Repeat these records exactly, pictures excluded.

————————

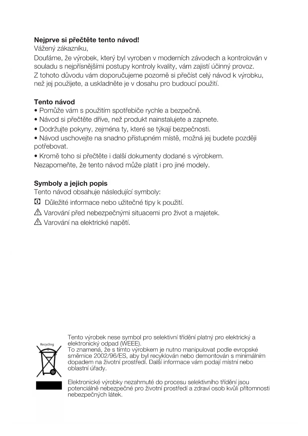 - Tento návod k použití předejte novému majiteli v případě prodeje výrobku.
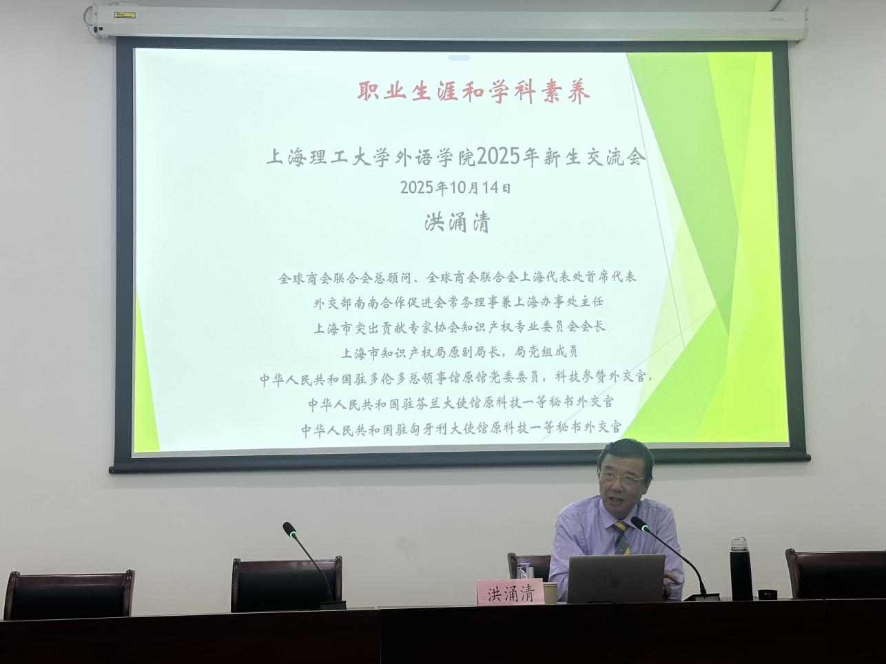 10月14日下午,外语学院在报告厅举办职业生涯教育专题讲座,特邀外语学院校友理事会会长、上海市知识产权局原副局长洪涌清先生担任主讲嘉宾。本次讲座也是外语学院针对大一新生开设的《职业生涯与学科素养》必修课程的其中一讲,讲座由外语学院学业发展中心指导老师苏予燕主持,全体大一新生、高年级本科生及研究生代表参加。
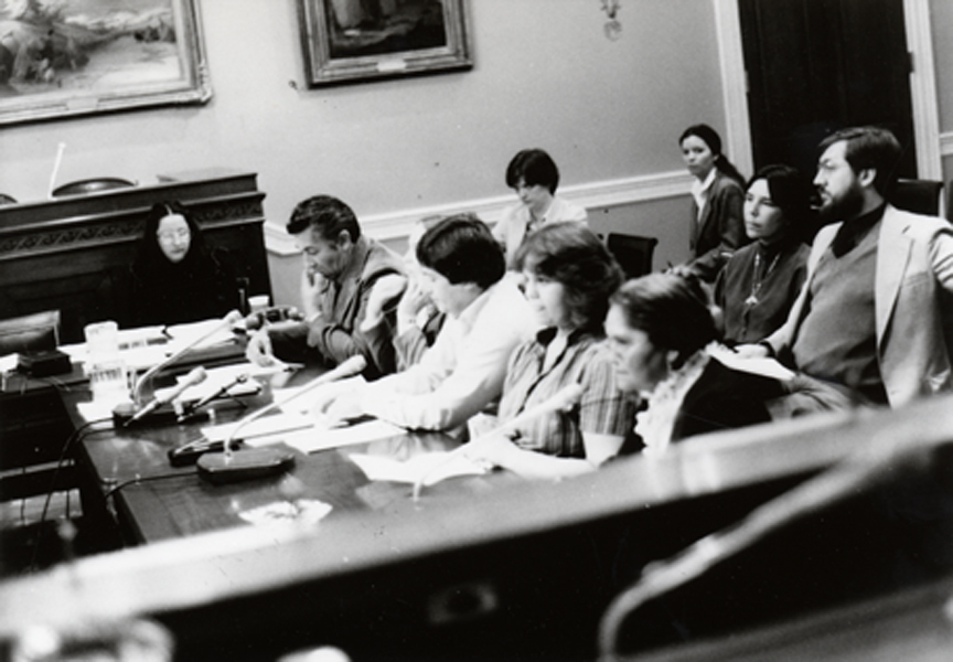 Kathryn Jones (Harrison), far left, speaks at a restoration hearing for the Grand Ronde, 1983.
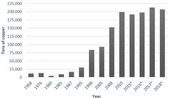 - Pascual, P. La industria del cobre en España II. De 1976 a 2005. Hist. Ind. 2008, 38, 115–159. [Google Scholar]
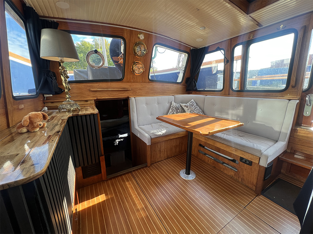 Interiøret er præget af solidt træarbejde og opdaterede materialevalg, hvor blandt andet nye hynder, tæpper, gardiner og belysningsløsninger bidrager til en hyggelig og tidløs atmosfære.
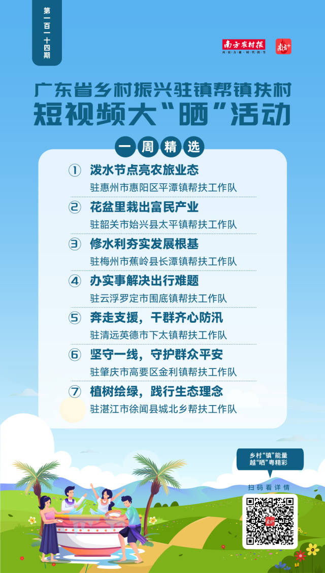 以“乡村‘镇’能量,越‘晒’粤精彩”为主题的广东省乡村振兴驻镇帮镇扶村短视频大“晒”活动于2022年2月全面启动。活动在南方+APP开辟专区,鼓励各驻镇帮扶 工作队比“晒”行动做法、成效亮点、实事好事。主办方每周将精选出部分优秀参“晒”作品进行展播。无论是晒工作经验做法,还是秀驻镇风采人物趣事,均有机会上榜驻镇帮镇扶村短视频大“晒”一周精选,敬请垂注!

————————

**ANSWER TO THE PROBLEM**
 - Tento návod k použití předejte novému majiteli v případě prodeje výrobku.
 10月14日下午,外语学院在报告厅举办职业生涯教育专题讲座,特邀外语学院校友理事会会长、上海市知识产权局原副局长洪涌清先生担任主讲嘉宾。本次讲座也是外语学院针对大一新生开设的《职业生涯与学科素养》必修课程的其中一讲,讲座由外语学院学业发展中心指导老师苏予燕主持,全体大一新生、高年级本科生及研究生代表参加。
 Kathryn Jones (Harrison), far left, speaks at a restoration hearing for the Grand Ronde, 1983.
 - Pascual, P. La industria del cobre en España II. De 1976 a 2005. Hist. Ind. 2008, 38, 115–159. [Google Scholar]
 Interiøret er præget af solidt træarbejde og opdaterede materialevalg, hvor blandt andet nye hynder, tæpper, gardiner og belysningsløsninger bidrager til en hyggelig og tidløs atmosfære.
 以“乡村‘镇’能量,越‘晒’粤精彩”为主题的广东省乡村振兴驻镇帮镇扶村短视频大“晒”活动于2022年2月全面启动。活动在南方+APP开辟专区,鼓励各驻镇帮扶 工作队比“晒”行动做法、成效亮点、实事好事。主办方每周将精选出部分优秀参“晒”作品进行展播。无论是晒工作经验做法,还是秀驻镇风采人物趣事,均有机会上榜驻镇帮镇扶村短视频大“晒”一周精选,敬请垂注!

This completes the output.